By Grzegorz Adamczyk
4 Min Read

Andrij Melnyk, a controversial former ambassador to Germany, was appointed as deputy foreign minister of Ukraine, and this nomination seems more to be an aim to increase internal support than to extend foreign support for Kyiv. However, is that what Ukraine needs most today?

The term “diplomat” does not really suit Melnyk. He escapes the definition of this word as most of his activity, especially after the Russian invasion on Feb. 24, cannot be deemed “diplomatic.” Melnyk does not bite his tongue, and throws statements aggressively, and sometimes blindly.

He does not avoid bold statements that insult allies. Regarding Poland, he allows himself to speak impertinently but also promotes ordinary lies about the 1943-1944 Volhynia genocide, where up to 130,000 Poles were massacred.

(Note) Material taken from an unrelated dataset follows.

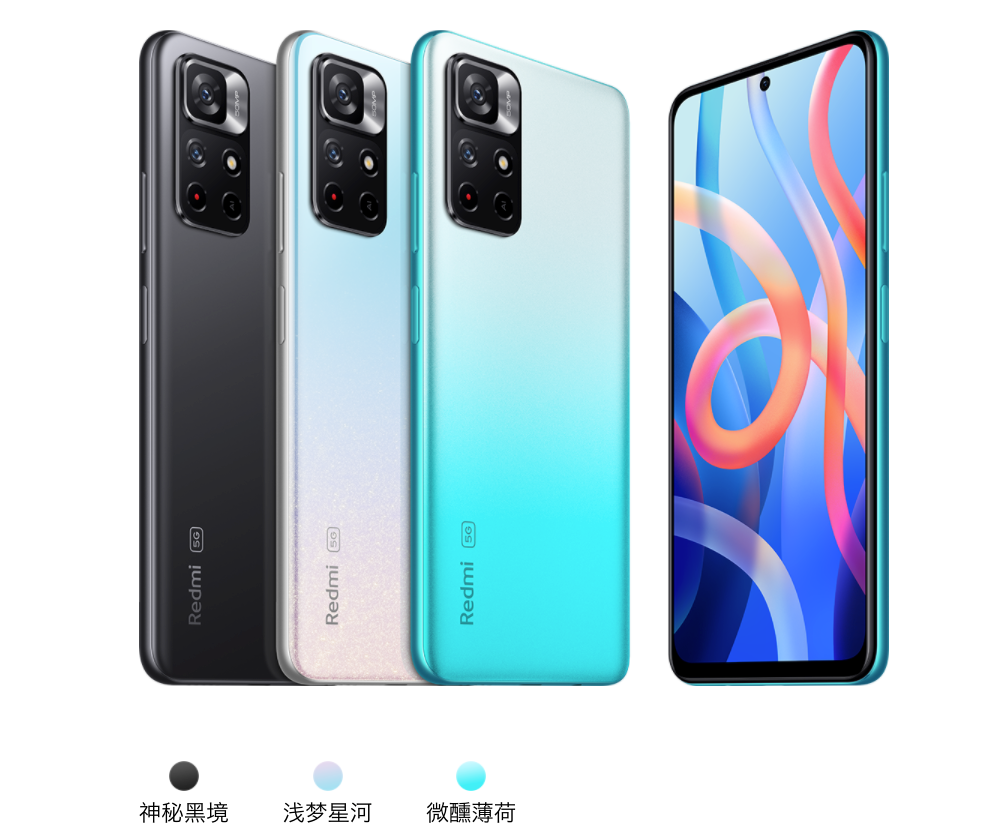 Redmi Note 11主要参数:6.6英寸2400*1080分辨率居中单挖孔LCD屏,90Hz屏幕刷新率+240Hz触控采样率,侧边指纹,浅梦星河、神秘黑境、微醺薄荷3个配色,机身三围163.56*75.78*厚8.75mm,重195g,前置16MP,后置双摄50MP主摄+8MP 超广角;

That is why appointing him for a new seat was so surprising for Poles, not just among the political class, but also ordinary people.

Poland does not claim any rights to furnish the cabinet of Ukrainian Prime Minister Denys Shmyhal. However, it is surprising that Ukrainian authorities have chosen to take such a reckless step. Melnyk is a ticking diplomatic bomb that could destroy the bridges that have been built for months.

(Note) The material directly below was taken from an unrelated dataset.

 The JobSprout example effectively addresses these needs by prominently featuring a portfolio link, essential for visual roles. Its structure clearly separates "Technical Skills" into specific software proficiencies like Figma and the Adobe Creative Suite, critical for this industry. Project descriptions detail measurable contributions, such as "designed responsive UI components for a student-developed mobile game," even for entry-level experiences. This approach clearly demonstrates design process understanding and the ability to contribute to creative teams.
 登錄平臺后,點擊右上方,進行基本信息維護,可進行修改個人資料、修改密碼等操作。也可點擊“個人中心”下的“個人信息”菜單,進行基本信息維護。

Why did Kyiv decide to make this move? Did it conclude that in the time of war, it needs “warriors” in every area? Is this the answer to the conflict between Ukraine and its Western allies regarding the missiles explosion in Przewodów that killed two Poles?

I do not want to think that the Ukrainian administration reached the conclusion that relations with Poland cannot be damaged, that help from Polish government and millions of Poles is a given once and forever, because their interest is to lead to Russia’s defeat in Ukraine.

Poland’s attitude towards Russia will not change but the sympathy to leaders in Kyiv can fade — the sympathy that plays a major role in the complicated system of building support for the invaded country.

You do not need a vivid imagination to understand that President Zelensky’s statements following the tragedy in Przewodów, or nominating Melnyk, could bring about a number of personal reflections from Poles who opened their hearts so widely to Ukrainians.

Elevating a man who glorifies Nazi collaborator Stepan Bandera and whitewashes the criminals of Volhynia is an extremely risky move. When Polish President Andrzej Duda says that those are “sovereign decisions taken by Ukrainian authorities,” he climbs to the peaks of diplomacy inaccessible to people such as Melnyk. Simultaneously, Duda gives a lesson to partners from the East on how to control one’s temper in a situation of tension and how to “do foreign policy.”

Yes, a country that was invaded can do more and deserves to be forgiven more, but it also needs to know that it cannot afford to slap its biggest ally’s cheek. Assuming Ukraine’s perspective, it can be said that it cannot not afford such mistakes.